TA - CR.2001.0127 - 2002-03-01 - c/ SA

1 mars 2002Français11 min

Source vd.ch

Faits

Vu les faits suivants:

A. X.________, né le 3

décembre 1979, est titulaire d'un permis de conduire des véhicules de la

catégorie A2, B, D2, E, F et G depuis le 2 juillet 1999. Il n'a fait à ce jour

l'objet d'aucune mesure administrative.

B. Le vendredi 15 décembre

2000 vers 0h.15, de nuit, sur une chaussée mouillée, s'est produit un incident

que la gendarmerie décrit ainsi dans son rapport du 24 décembre 2000 :

"M. X.________ circulait sur la voie

d'engagement de la jonction de Crissier-Alpes en direction de la Blécherette, à

une vitesse indéterminée mais inadaptée à la configuration des lieux et du

moment. Alors qu'il négociait une courbe prononcée à droite, tout en

accélérant, il perdit la maîtrise de sa machine qui glissa sur la chaussée mouillée.
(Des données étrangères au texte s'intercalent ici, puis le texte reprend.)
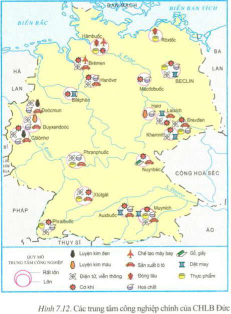 Dựa vào hình 7.12, hãy xác định các trung tâm công nghiệp: Cô-lô-nhơ, Phran-Phuốc, Muy-ních, Xtút-gát, Béc-lin và các ngành công nghiệp của những trung tâm đó.
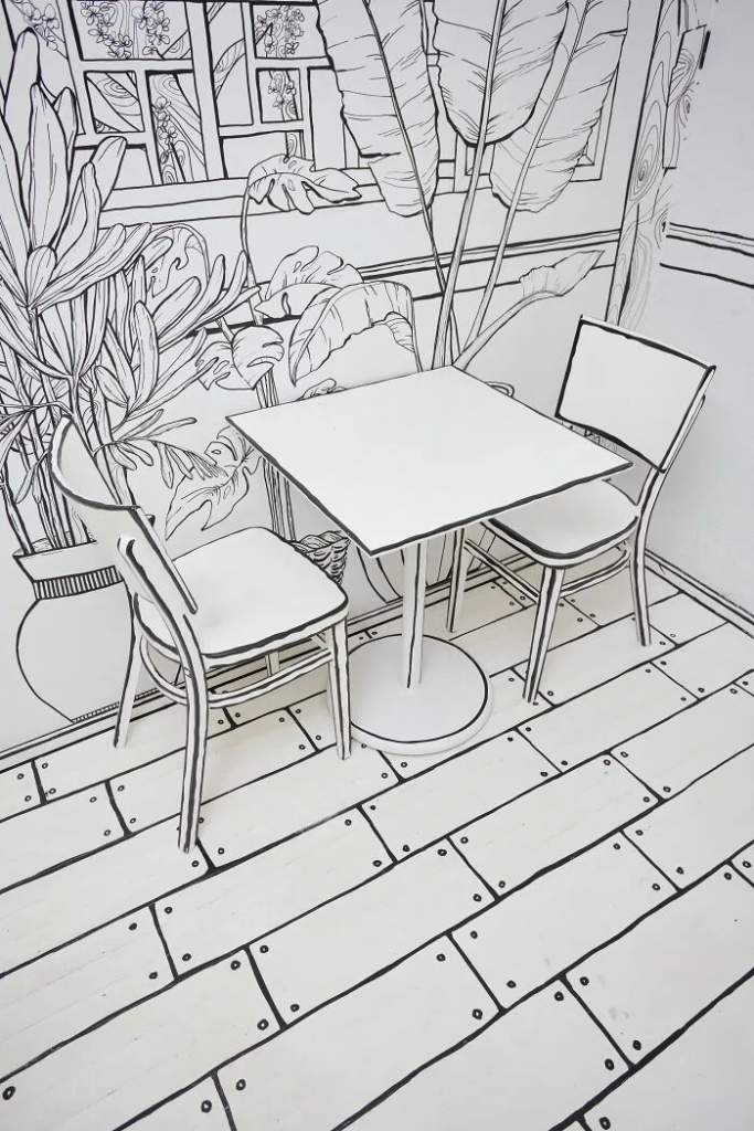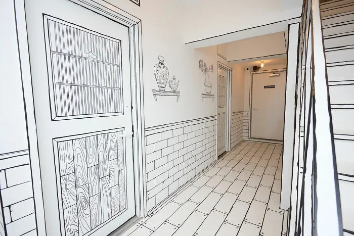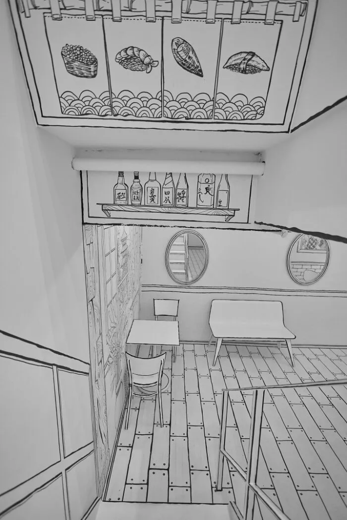 O restaurante Shirokuro, localizado no bairro East Village, em Nova Iorque, oferece uma experiência gastronômica única: um ambiente totalmente monocromático que simula estar dentro de um desenho. Cada superfície — paredes, chão, mesas e cadeiras — foi cuidadosamente ilustrada à mão em preto e branco, transformando o local em uma espécie de página de livro de arte em 3D.

Sa Mitsubishi dévia à gauche et roula quelques mètres sur la bande herbeuse.

Après que cet usager a donné un coup de volant à droite, sa machine traversa la

voie de circulation, dans cette direction, quitta la chaussée et termina sa

course dans le talus en contrebas, perpendiculairement à l'artère. Au cours de

cette embardée, la voiture arracha la barrière anti-gibier."

X.________ a déclaré

ce qui suit aux agents :

"En provenance de Renens, je me rendais à

Lausanne. Pour ce faire, j'ai emprunté l'autoroute A1, à Crissier. Sur la voie

d'engagement dans la courbe très prononcée à droite, alors que j'étais en

accélération, l'arrière de ma machine a glissé vers la gauche. J'ai donné un

coup de volant à droite afin de redresser sa trajectoire, mais lorsque ma

voiture a repris de l'adhérence, elle est partie tout droit dans le talus sis

en contrebas. J'étais attaché et ne suis pas blessé. Je précise que je n'ai

freiné à aucun moment, car j'ai utilisé la pédale des gaz uniquement, comme

j'ai l'habitude de le faire, lorsque je conduis sur la neige".

Par courrier du 29

janvier 2001, le Service des automobiles a informé X.________ qu'il envisageait

de prononcer une mesure de retrait du permis de conduire d'une durée de deux

mois.

X.________ s'est

déterminé dans une lettre de son conseil du 19 février 2001. Il a déclaré ne

pas avoir de remarques particulières à formuler s'agissant des faits et dit

regretter ce qui s'est passé. Effectuant un stage rémunéré d'éducateur du 23

août 2000 au 20 juillet 2001, avec des horaires irréguliers, il a demandé que

la mesure de retrait soit limitée à un mois.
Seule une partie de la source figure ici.